En ce sens, l’arrivée sur terre de cosmonautes vidés d’énergie correspond assez bien à une chute désespérée dans le réel. Exilés d’un Éden rêvé, ils ne peuvent plus marcher et répondent d’un sourire las à des questions convenues. Loin des « enfantillages » badins et des fous rires, ils sont réduits à y penser à regret. Peut-être ont-ils acquis plus de sagesse, puisque quand on leur demande quel est le changement qui les étonne le plus dans le passage de l’URSS à la Russie, ils hésitent sur la réponse, avant que l’un d’entre eux conclue que le plus étonnant, c’est la succession des jours et des nuits. On le voit, la juxtaposition des deux espaces conduit le spectateur à s’interroger autant qu’à laisser aller son esprit, surtout dans les passages muets qui forment des répits contemplatifs bienvenus.

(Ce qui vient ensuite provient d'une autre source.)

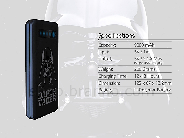 Ο βολικός φορητός φορτιστής Star Wars Darth Vader ProMini 9000 ζυγίζει μόλις 200 γραμμάρια και με διαστάσεις 122mm x 67mm x 16.2mm χωράει όχι μόνο στην τσάντα, αλλά και στην τσέπη σας!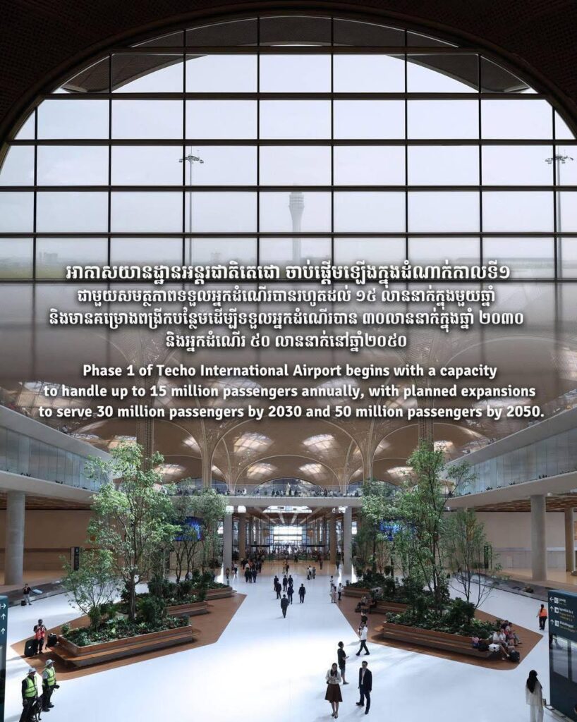 PTH÷ក្រោមកាលដឹកនាំដ៏ឆ្លាតវ៉ៃរបស់សម្តេចតេជោធបតី ទាំងនេះជាសមិទ្ធផលថ្មីស្រឡាងសម្រាប់កម្ពុជាឆ្ពោះទៅរកកាលអភិវឌ្ឃន៍ឲ្យកាន់តែខ្លាំង ជាក់ស្តែង(អាកាសយានដ្ឋានអន្តរជាតិតេជោ ចាប់ផ្តើមឡើងក្នុងដំណាក់កាលទី១ ជាមួយសមត្ថភាពទទួលអ្នកដំណើរបានរហូតដល់ ១៥លាននាក់ក្នុងមួយឆ្នាំ និងមានគម្រោងពង្រីកបន្ថែមដើម្បីទទួលអ្នកដំណើរបាន ៣០លាននាក់ក្នុងឆ្នាំ២០៣០ និងអ្នកដំណើរ ៥០លាននាក់នៅឆ្នាំ២០៥០Techo International Airport began construction with an initial phase designed to handle up to 15 million passengers per year, with plans to expand capacity to 30 million passengers by 2030 and 50 million by 2050)។ប្រភពផេកផ្លូវរបស់ក្រសួងព័ត៌មាន

Car, bien sûr, les images de l’espace de toute beauté sont propices à divagations et forment un contrepoint poétique à la sinistre réalité dont se moquent les deux cosmonautes qui parlent de la Bourse. Une allumette enflammée qui danse dans l’air, une orange qui se superpose à la Terre (le vers d’Eluard est cité), le lever d’un soleil écrasé, voilà l’essentiel, qui fait de nous des êtres inexistants en même temps que grands par le simple fait de pouvoir les contempler.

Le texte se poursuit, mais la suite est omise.